Data excerpts:

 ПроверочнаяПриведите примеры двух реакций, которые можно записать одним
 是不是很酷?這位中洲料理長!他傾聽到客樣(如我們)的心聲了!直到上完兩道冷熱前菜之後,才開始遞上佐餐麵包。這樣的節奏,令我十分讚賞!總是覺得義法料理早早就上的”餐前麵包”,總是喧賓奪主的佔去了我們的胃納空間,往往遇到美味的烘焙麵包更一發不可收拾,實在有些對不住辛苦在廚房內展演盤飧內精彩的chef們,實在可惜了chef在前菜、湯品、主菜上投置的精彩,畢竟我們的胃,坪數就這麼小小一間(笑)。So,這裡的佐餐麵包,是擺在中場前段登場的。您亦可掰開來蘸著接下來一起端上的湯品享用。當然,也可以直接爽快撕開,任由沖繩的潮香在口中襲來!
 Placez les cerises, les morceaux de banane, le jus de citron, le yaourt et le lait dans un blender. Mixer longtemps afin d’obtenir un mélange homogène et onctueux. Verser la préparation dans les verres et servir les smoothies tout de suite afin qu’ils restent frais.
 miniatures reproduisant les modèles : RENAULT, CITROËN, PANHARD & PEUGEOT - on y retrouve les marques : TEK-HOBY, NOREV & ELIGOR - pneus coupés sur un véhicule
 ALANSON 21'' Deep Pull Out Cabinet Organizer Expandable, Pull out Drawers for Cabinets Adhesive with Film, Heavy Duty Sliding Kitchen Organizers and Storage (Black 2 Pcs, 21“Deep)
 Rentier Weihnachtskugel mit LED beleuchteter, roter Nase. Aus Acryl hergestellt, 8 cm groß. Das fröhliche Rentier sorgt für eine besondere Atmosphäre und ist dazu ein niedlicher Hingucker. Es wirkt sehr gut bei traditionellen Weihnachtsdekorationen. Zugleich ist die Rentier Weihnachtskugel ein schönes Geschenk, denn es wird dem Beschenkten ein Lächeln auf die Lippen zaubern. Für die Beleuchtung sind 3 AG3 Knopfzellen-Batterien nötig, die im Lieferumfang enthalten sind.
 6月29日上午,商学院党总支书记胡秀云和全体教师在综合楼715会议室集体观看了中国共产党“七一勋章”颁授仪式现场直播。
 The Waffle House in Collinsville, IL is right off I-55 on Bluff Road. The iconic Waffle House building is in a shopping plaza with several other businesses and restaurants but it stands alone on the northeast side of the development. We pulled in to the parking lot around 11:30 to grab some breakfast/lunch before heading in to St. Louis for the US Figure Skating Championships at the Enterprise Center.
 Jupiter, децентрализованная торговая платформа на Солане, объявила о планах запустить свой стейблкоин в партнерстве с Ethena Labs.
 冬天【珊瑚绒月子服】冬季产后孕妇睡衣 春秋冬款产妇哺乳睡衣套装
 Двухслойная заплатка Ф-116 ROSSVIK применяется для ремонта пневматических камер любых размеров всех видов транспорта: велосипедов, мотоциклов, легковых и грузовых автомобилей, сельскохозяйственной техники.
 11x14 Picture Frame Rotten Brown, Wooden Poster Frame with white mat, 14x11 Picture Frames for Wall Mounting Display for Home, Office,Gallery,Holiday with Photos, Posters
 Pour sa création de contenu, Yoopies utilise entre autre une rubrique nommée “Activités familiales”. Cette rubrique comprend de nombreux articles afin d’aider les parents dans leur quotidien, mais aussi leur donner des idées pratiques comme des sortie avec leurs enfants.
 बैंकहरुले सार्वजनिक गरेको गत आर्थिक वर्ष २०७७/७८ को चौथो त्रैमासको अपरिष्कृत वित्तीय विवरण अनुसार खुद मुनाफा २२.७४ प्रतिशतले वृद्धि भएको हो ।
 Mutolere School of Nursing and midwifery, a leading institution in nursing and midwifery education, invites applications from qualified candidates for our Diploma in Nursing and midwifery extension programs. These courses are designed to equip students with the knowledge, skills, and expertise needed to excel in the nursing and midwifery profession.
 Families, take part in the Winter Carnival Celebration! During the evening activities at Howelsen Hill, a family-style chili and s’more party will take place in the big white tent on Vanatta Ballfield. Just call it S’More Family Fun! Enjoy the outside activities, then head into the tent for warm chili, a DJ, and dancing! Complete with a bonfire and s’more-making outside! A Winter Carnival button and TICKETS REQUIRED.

* **Work task**: Repeat each record word for word.

* **Finished exercise**:
 ПроверочнаяПриведите примеры двух реакций, которые можно записать одним
 是不是很酷?這位中洲料理長!他傾聽到客樣(如我們)的心聲了!直到上完兩道冷熱前菜之後,才開始遞上佐餐麵包。這樣的節奏,令我十分讚賞!總是覺得義法料理早早就上的”餐前麵包”,總是喧賓奪主的佔去了我們的胃納空間,往往遇到美味的烘焙麵包更一發不可收拾,實在有些對不住辛苦在廚房內展演盤飧內精彩的chef們,實在可惜了chef在前菜、湯品、主菜上投置的精彩,畢竟我們的胃,坪數就這麼小小一間(笑)。So,這裡的佐餐麵包,是擺在中場前段登場的。您亦可掰開來蘸著接下來一起端上的湯品享用。當然,也可以直接爽快撕開,任由沖繩的潮香在口中襲來!
 Placez les cerises, les morceaux de banane, le jus de citron, le yaourt et le lait dans un blender. Mixer longtemps afin d’obtenir un mélange homogène et onctueux. Verser la préparation dans les verres et servir les smoothies tout de suite afin qu’ils restent frais.
 miniatures reproduisant les modèles : RENAULT, CITROËN, PANHARD & PEUGEOT - on y retrouve les marques : TEK-HOBY, NOREV & ELIGOR - pneus coupés sur un véhicule
 ALANSON 21'' Deep Pull Out Cabinet Organizer Expandable, Pull out Drawers for Cabinets Adhesive with Film, Heavy Duty Sliding Kitchen Organizers and Storage (Black 2 Pcs, 21“Deep)
 Rentier Weihnachtskugel mit LED beleuchteter, roter Nase. Aus Acryl hergestellt, 8 cm groß. Das fröhliche Rentier sorgt für eine besondere Atmosphäre und ist dazu ein niedlicher Hingucker. Es wirkt sehr gut bei traditionellen Weihnachtsdekorationen. Zugleich ist die Rentier Weihnachtskugel ein schönes Geschenk, denn es wird dem Beschenkten ein Lächeln auf die Lippen zaubern. Für die Beleuchtung sind 3 AG3 Knopfzellen-Batterien nötig, die im Lieferumfang enthalten sind.
 6月29日上午,商学院党总支书记胡秀云和全体教师在综合楼715会议室集体观看了中国共产党“七一勋章”颁授仪式现场直播。
 The Waffle House in Collinsville, IL is right off I-55 on Bluff Road. The iconic Waffle House building is in a shopping plaza with several other businesses and restaurants but it stands alone on the northeast side of the development. We pulled in to the parking lot around 11:30 to grab some breakfast/lunch before heading in to St. Louis for the US Figure Skating Championships at the Enterprise Center.
 Jupiter, децентрализованная торговая платформа на Солане, объявила о планах запустить свой стейблкоин в партнерстве с Ethena Labs.
 冬天【珊瑚绒月子服】冬季产后孕妇睡衣 春秋冬款产妇哺乳睡衣套装
 Двухслойная заплатка Ф-116 ROSSVIK применяется для ремонта пневматических камер любых размеров всех видов транспорта: велосипедов, мотоциклов, легковых и грузовых автомобилей, сельскохозяйственной техники.
 11x14 Picture Frame Rotten Brown, Wooden Poster Frame with white mat, 14x11 Picture Frames for Wall Mounting Display for Home, Office,Gallery,Holiday with Photos, Posters
 Pour sa création de contenu, Yoopies utilise entre autre une rubrique nommée “Activités familiales”. Cette rubrique comprend de nombreux articles afin d’aider les parents dans leur quotidien, mais aussi leur donner des idées pratiques comme des sortie avec leurs enfants.
 बैंकहरुले सार्वजनिक गरेको गत आर्थिक वर्ष २०७७/७८ को चौथो त्रैमासको अपरिष्कृत वित्तीय विवरण अनुसार खुद मुनाफा २२.७४ प्रतिशतले वृद्धि भएको हो ।
 Mutolere School of Nursing and midwifery, a leading institution in nursing and midwifery education, invites applications from qualified candidates for our Diploma in Nursing and midwifery extension programs. These courses are designed to equip students with the knowledge, skills, and expertise needed to excel in the nursing and midwifery profession.
 Families, take part in the Winter Carnival Celebration! During the evening activities at Howelsen Hill, a family-style chili and s’more party will take place in the big white tent on Vanatta Ballfield. Just call it S’More Family Fun! Enjoy the outside activities, then head into the tent for warm chili, a DJ, and dancing! Complete with a bonfire and s’more-making outside! A Winter Carnival button and TICKETS REQUIRED.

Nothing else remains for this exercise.